Я всегда думал, что пиджак черный, с кофейной искрой.
– Это все пустяки, а вот… все градусники у меня отобрали, и максимальные, и… Три барометра было, гигрометр, химические весы, колбы… Реактивы хотели… – думали, что настойки! Схватили бутылку – спирт!! Да нашатырный! Буржуем обозвали.
– А который теперь час, доктор?
– Декрет! – пугливо-строго говорит доктор и поднимает черный от грязи палец. – Часы теперь строго воспрещены, буржуазный предрассудок!
Нет, он не собирается уходить. Он переполнен своим и разбрасывает «излишки».
– Но я без часов могу, потому что читал когда-то Жюля Верна…
Он прищуривается на солнце, растопыривает пальцы и глядит в развилку. Он поматывает пальцем то к Кастели, то к седловине за Бабуганом.
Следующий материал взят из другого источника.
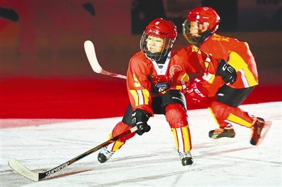 1月18日,来自北京市的小学生在开幕式上表演趣味冰球秀。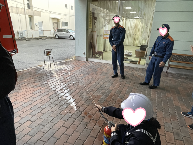 消火器を使う手順を消防士さんにサポートしてもらいながら、みんな最後までしっかり取り組むことができました。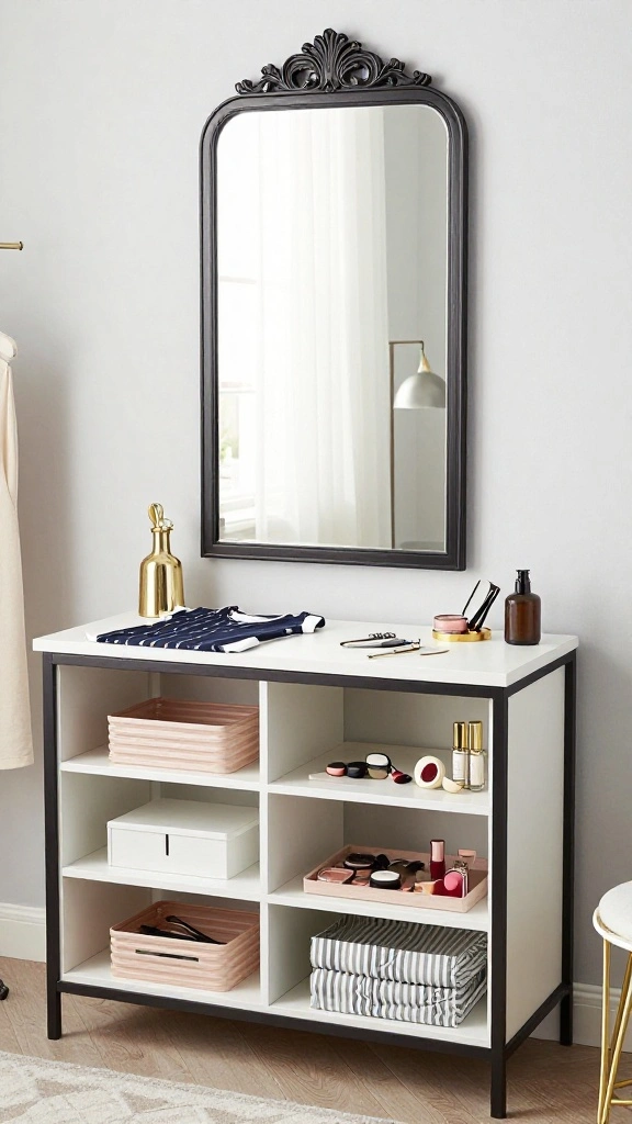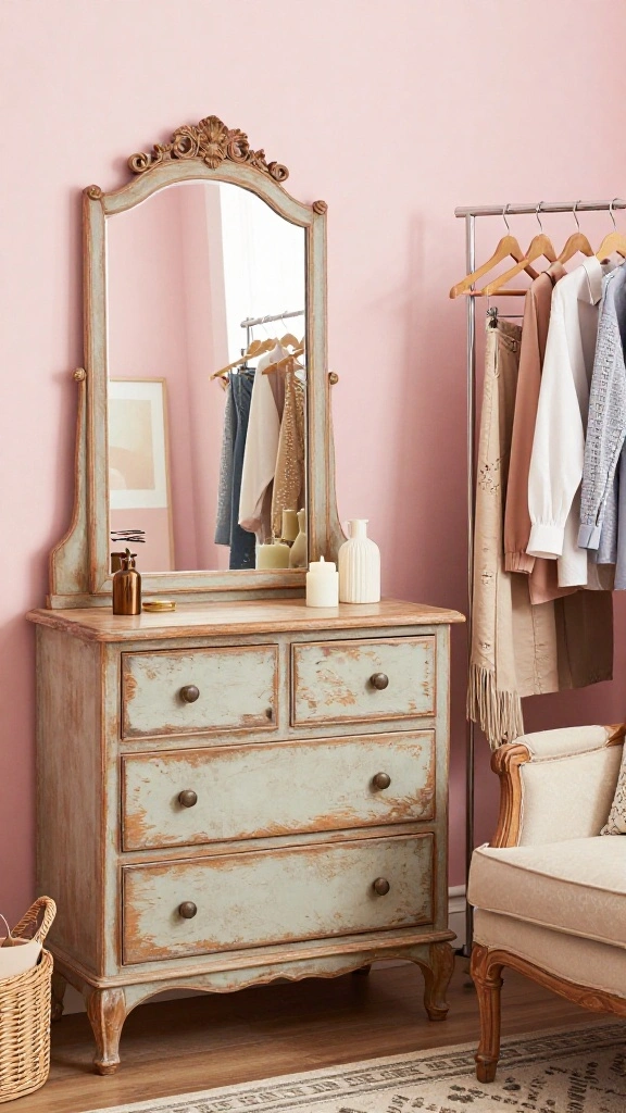 3. Repurpose furniture: Use items you already own, like old dressers or bookshelves, and give them a new life in your dressing room.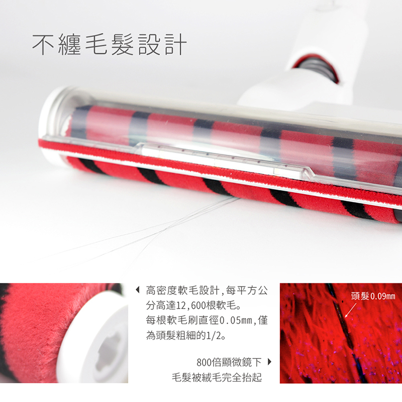 高密度纖維地刷設計,防止毛髮纏繞,同步清潔拋光地板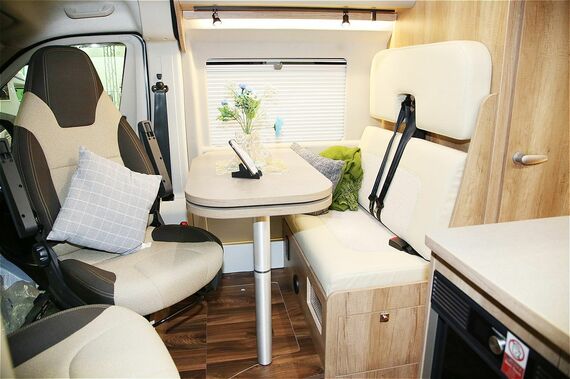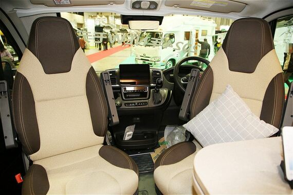 乗車定員4名、就寝人数2名を確保するのがこのタイプ。車体左側にあるスライドドアを開けると、天井高1900mmを確保する広々とした室内が広がる(天井高は3タイプ共に同じ)。エントランス右には、ガラス蓋付きシンクを採用するキッチン。シンク用の家具には電子レンジや70Lの冷蔵庫も備えるほか、キッチン上方の家庭用エアコンも標準装備だ。また、通路を挟んで右側にあるセカンドシートの前にはテーブルも設定。停車時に運転席と助手席を後ろへ180度回転させれば、大人4名がくつろげるダイネット(リビング)となる。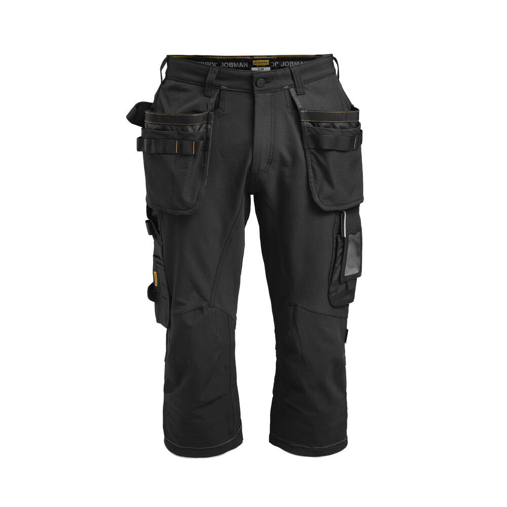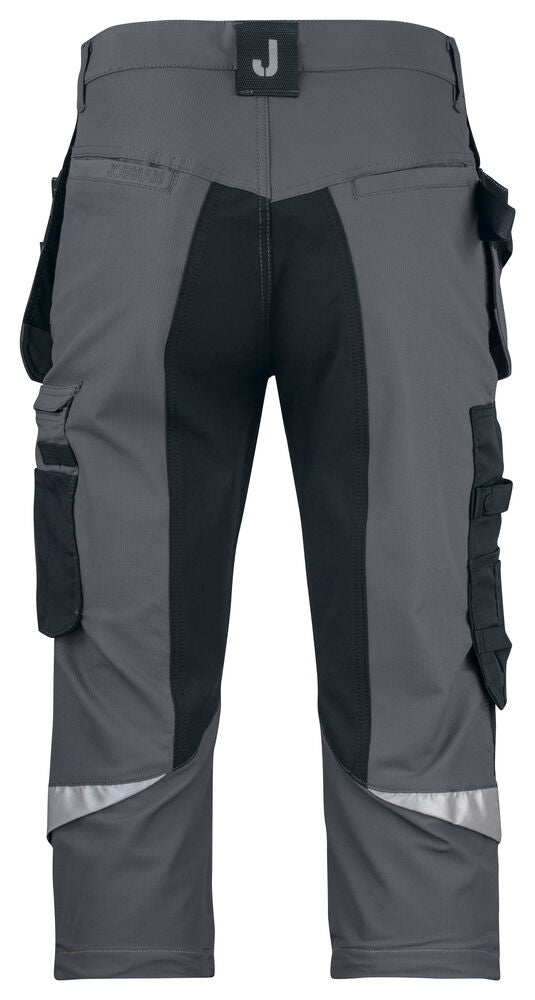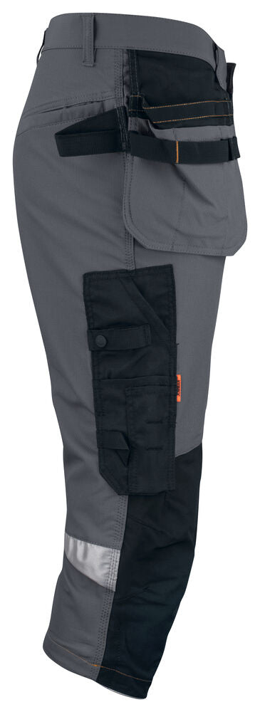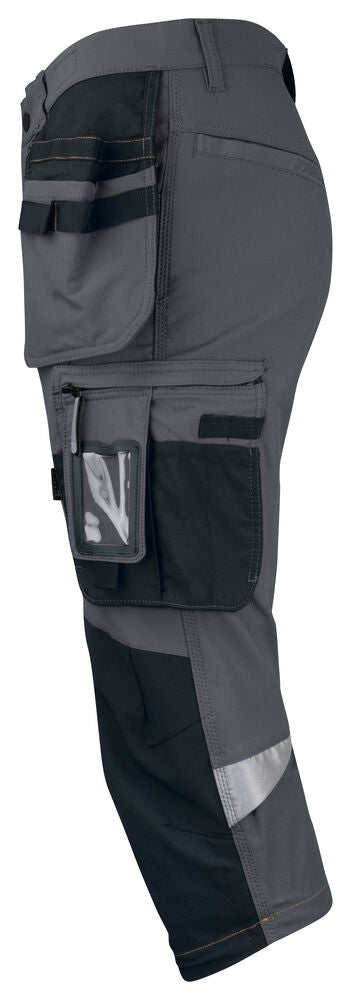 Smidig 4-vägs stretch i slitstarkt Rip-stop material. Grenkil med förstärkt stretch Cordura®. Rymliga hölsterfickor med extrafack och förstärkt insida som kan stoppas ned i framfickorna. Silikonbandet i byxlinningen håller byxan på plats. Extra hällor för bältet på de största storlekarna. Stolpfickor bak. Hammarhank, tumstocksficka med knivhållare. Benficka med täckt blixtlås, ID-kortsfack och telefonficka. Förböjda knän med knäskyddsfickor i slitstark stretch Cordura® med 3M™ reflexpasspoaler och två höjdnivåer. Mesh i knävecken för ventilation. Reflexdetalj för ökad synbarhet i knävecken. Förstärkningar i Cordura® och polyamid.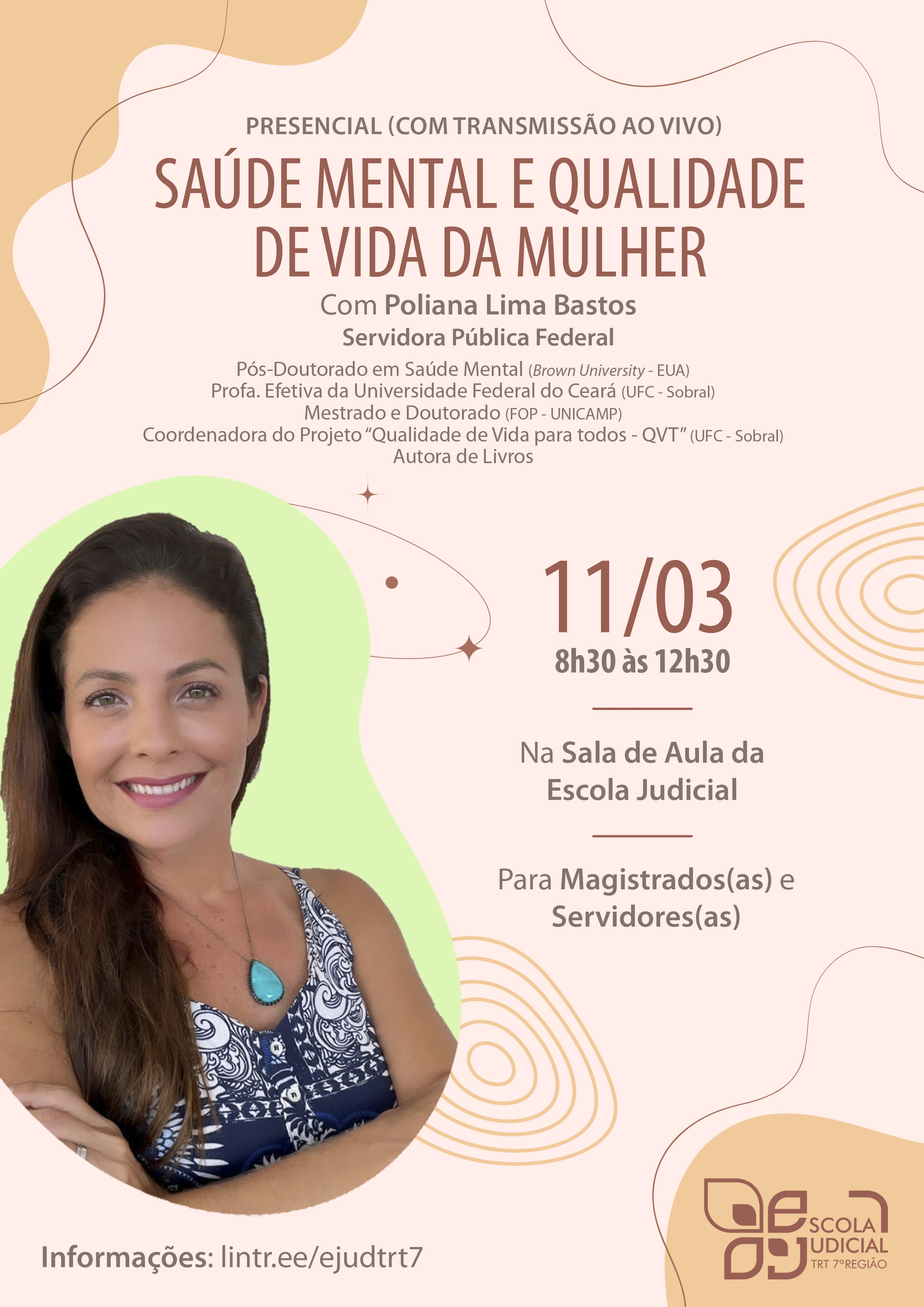 Será realizada no dia 11 de março de 2022, das 08h30min às 12h30min, na Sala de aula da Escola Judicial do TRT da 07ª Região a Oficina "Saúde Mental e Qualidade de Vida da Mulher", com a instrutora Poliana Lima Bastos, Prof(a). Efetiva Universidade Federal do Ceará (UFC- Sobral) com Pós-Doutorado em Saúde Mental (Brown University- EUA), e terá como público-alvo magistrados(as) e servidores(as).

– Помните, у Жюль Верна… Сайрус Смит в «Таинственном острове» или Паганель!.. Как это давно было, и как все-таки хорошо, что было, и у нас тогда они не изъяли книги! И я в том же роде изловчаюсь. Могу до пяти минут с точностью, если солнце… Сейчас… без десяти минут час. Мысленными линиями по вершинам, зная максимальную высоту… А вот в туман или вечернее время… по звездам еще не изловчился. Ах, как без часов скучно! У нас все по часам было. Ложились без четверти десять, вставал я в половине пятого ровно. И сорок уже лет так. Трое часиков было – взяли. Английские очень жаль, луковицей. Старинные лорды такие часы любили, часы на совесть. Но какая история роковая!.. Неужели вам не рассказывал?! Необходимо опубликовать. Это о-чень важно, в предупреждение человечеству! Чрезвычайно важно!..
– Ну, расскажите, доктор!
«Мементо мори»
Доктор поглядел на меня с укором.
– Вы как будто не верите, что это имеет отношение к человечеству… история с моей «луковицей»? Напрасно. В этом вы сейчас убедитесь. Есть в вещах роковое что-то… не то чтобы роковое, а «амулетное». Как хотите толкуйте, а я говорю серьезно: во всех этих газетах, которые вот «влияют»… «Таймс» или… как там… «Чикаго трибюн», «Тан», понятно… – непременно опубликуйте! Я уже не смогу, я без пяти минут новопреставленный раб… не Божий, не Божий, а… человеческий! и даже не человеческий!! Да чей же я раб, скажите?! Ну, оставим. А вы… должны опубликовать! Так и опубликуйте: «“Мементо мори”, или “Луковица” бывшего доктора, нечеловеческого раба Михаила». Это очень удачно будет: «нечеловеческого»! Или лучше: нечеловечьего!
Он, чудак, говорил серьезно, даже взволнованно.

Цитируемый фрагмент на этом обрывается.